▶ [Work request] Transcribe, exactly and without pictures, the lines below from the line with "当前位置:莱登卡奴 > 莱登卡奴 2025新款水洗棉满版刺绣大豆被被子被芯 满绣-熊猫" to the line with "Mit Cookeez Makery", both ends included, and no others.

▶ [Records to use]
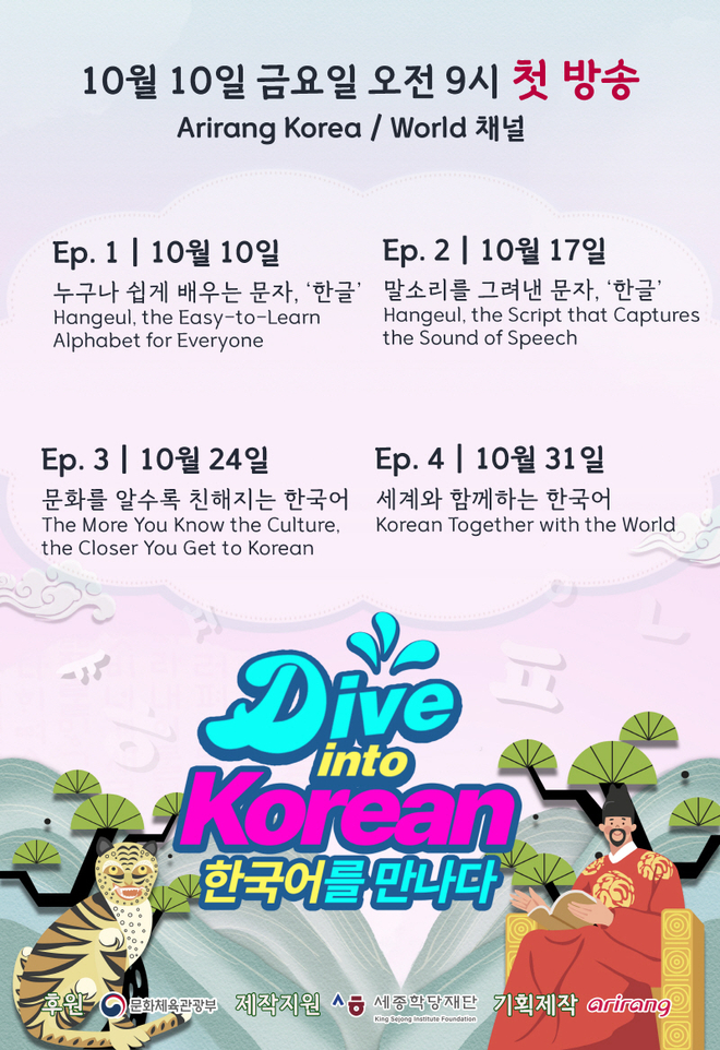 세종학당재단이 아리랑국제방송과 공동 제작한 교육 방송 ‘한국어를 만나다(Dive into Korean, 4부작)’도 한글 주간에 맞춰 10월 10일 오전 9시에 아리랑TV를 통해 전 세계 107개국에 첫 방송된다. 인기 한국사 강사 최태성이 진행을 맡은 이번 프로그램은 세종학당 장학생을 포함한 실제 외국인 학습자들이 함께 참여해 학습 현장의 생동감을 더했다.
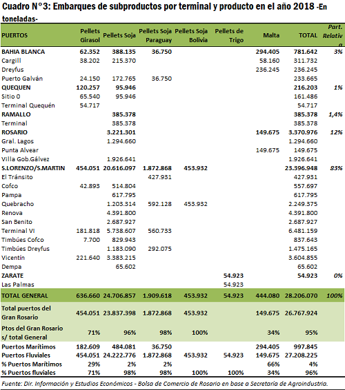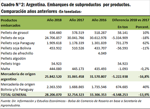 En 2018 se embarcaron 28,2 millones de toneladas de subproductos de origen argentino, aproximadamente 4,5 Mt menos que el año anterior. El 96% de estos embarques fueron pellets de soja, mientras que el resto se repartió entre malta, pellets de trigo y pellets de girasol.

==

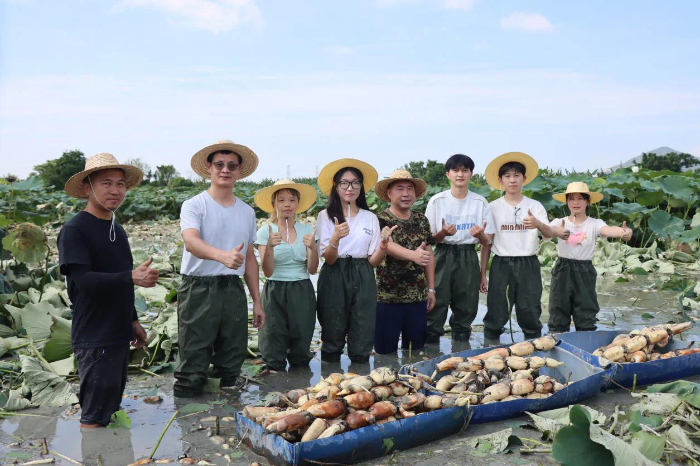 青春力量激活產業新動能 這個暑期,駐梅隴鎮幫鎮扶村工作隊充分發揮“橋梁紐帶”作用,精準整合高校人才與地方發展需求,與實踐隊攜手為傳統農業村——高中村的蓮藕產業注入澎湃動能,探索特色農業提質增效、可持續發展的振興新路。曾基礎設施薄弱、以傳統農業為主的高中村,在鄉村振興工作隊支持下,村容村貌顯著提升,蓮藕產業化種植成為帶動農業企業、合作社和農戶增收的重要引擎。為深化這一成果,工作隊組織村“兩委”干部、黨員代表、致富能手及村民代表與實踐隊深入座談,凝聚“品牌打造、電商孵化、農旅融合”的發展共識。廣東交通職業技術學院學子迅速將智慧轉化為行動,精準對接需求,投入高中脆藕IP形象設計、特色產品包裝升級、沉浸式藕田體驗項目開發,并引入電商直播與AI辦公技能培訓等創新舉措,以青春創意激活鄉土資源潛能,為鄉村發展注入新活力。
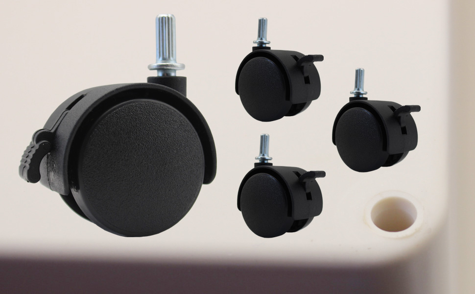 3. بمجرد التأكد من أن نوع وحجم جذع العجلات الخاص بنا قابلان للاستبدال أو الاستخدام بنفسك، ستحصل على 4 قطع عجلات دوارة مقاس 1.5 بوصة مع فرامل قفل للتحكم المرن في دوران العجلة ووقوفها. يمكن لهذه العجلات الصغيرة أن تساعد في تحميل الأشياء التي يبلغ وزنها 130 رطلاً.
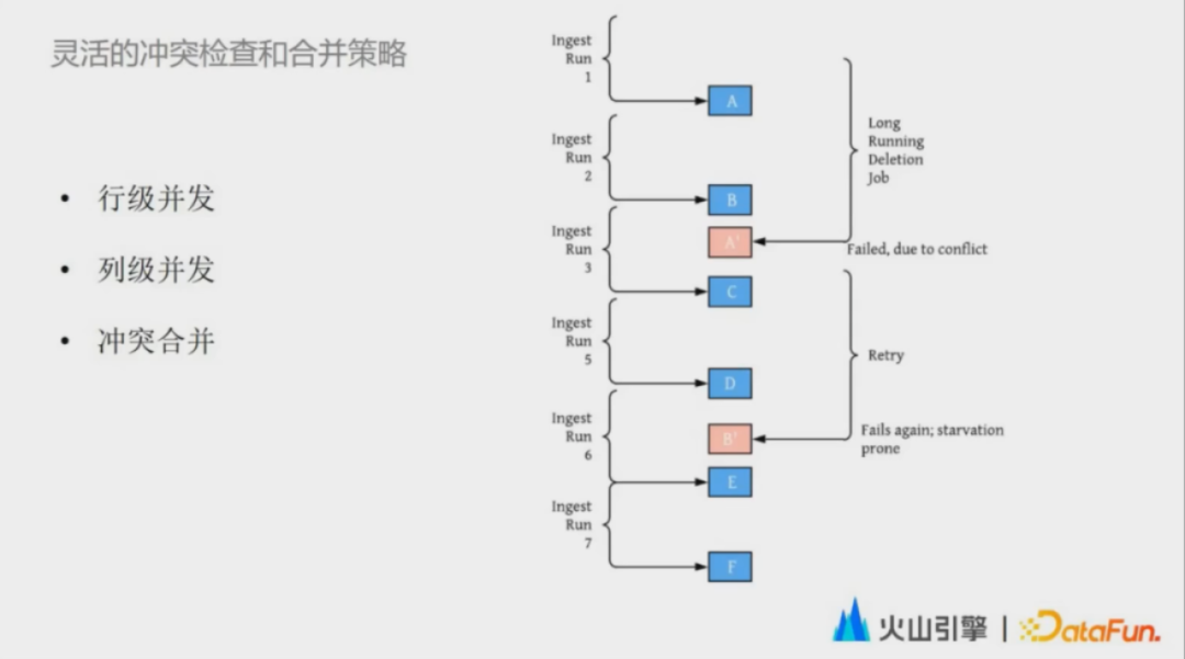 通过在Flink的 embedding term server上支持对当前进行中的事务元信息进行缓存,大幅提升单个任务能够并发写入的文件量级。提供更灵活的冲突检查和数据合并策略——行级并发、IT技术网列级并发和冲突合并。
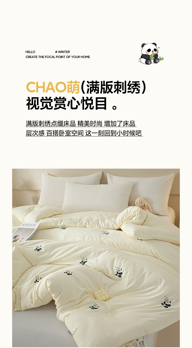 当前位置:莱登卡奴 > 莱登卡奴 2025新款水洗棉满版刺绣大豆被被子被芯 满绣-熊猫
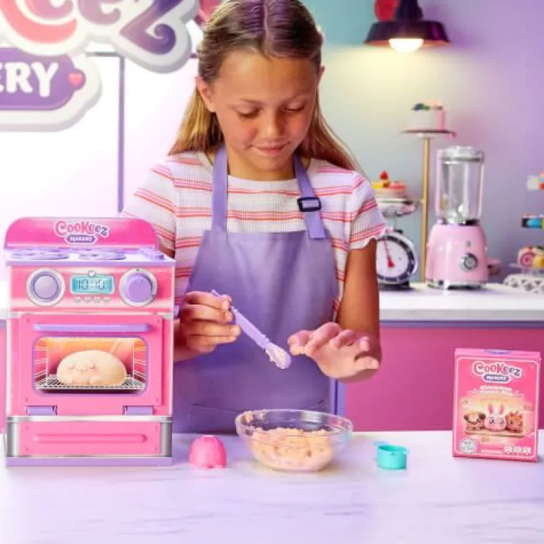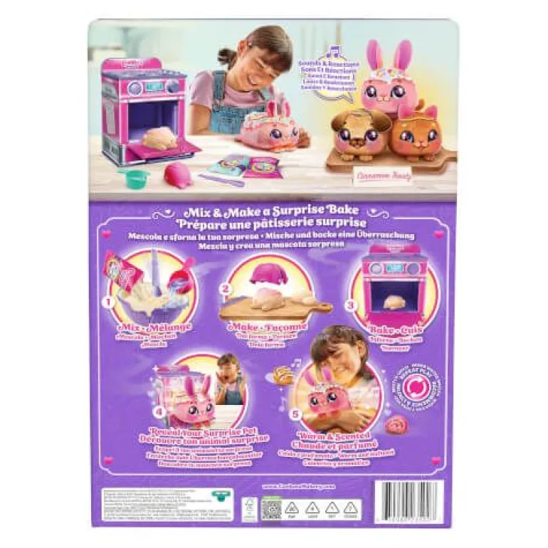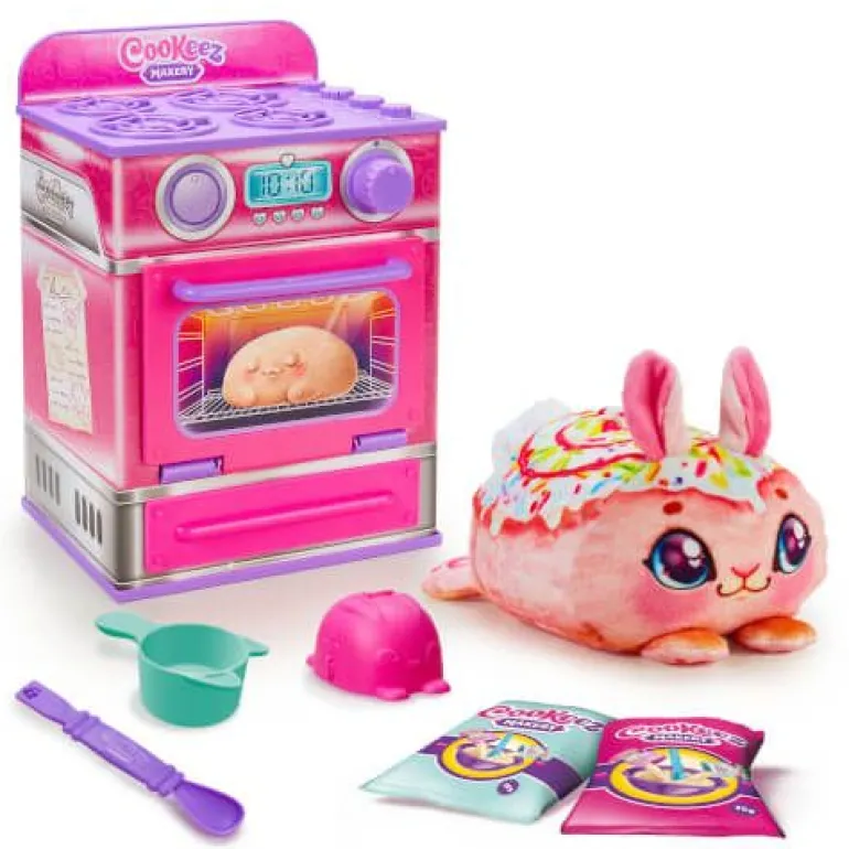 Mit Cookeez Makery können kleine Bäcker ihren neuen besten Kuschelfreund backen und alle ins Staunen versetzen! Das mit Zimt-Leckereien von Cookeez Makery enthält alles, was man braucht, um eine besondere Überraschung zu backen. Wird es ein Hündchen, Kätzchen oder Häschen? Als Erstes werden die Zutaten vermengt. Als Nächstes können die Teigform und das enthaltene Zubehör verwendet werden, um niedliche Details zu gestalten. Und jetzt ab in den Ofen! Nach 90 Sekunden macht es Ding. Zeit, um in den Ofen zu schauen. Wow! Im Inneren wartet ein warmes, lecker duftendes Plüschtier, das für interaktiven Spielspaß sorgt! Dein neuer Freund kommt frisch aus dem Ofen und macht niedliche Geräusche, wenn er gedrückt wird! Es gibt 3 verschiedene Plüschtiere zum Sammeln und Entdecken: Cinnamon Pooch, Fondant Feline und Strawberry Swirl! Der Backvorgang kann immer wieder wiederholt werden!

...

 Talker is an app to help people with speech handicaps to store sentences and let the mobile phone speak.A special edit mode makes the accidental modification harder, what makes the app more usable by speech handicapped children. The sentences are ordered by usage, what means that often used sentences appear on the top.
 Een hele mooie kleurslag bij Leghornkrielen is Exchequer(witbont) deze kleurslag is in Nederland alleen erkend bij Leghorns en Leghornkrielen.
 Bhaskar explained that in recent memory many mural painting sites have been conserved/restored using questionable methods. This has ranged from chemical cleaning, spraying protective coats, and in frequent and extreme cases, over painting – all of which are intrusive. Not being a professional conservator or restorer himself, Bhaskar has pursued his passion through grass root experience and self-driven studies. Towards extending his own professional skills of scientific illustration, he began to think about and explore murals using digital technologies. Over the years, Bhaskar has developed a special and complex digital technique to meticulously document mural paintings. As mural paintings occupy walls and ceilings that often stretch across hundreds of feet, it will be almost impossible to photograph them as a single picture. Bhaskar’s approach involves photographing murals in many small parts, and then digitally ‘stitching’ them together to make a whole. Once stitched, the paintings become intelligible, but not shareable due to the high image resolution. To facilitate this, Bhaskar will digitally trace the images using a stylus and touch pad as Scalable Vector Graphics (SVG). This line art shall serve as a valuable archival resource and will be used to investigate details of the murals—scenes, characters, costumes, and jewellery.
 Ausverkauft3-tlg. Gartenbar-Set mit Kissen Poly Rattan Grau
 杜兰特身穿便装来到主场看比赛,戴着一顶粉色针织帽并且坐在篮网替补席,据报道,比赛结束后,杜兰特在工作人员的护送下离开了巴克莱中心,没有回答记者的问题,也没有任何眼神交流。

▶ [The completed task]
 当前位置:莱登卡奴 > 莱登卡奴 2025新款水洗棉满版刺绣大豆被被子被芯 满绣-熊猫
 Mit Cookeez Makery können kleine Bäcker ihren neuen besten Kuschelfreund backen und alle ins Staunen versetzen! Das mit Zimt-Leckereien von Cookeez Makery enthält alles, was man braucht, um eine besondere Überraschung zu backen. Wird es ein Hündchen, Kätzchen oder Häschen? Als Erstes werden die Zutaten vermengt. Als Nächstes können die Teigform und das enthaltene Zubehör verwendet werden, um niedliche Details zu gestalten. Und jetzt ab in den Ofen! Nach 90 Sekunden macht es Ding. Zeit, um in den Ofen zu schauen. Wow! Im Inneren wartet ein warmes, lecker duftendes Plüschtier, das für interaktiven Spielspaß sorgt! Dein neuer Freund kommt frisch aus dem Ofen und macht niedliche Geräusche, wenn er gedrückt wird! Es gibt 3 verschiedene Plüschtiere zum Sammeln und Entdecken: Cinnamon Pooch, Fondant Feline und Strawberry Swirl! Der Backvorgang kann immer wieder wiederholt werden!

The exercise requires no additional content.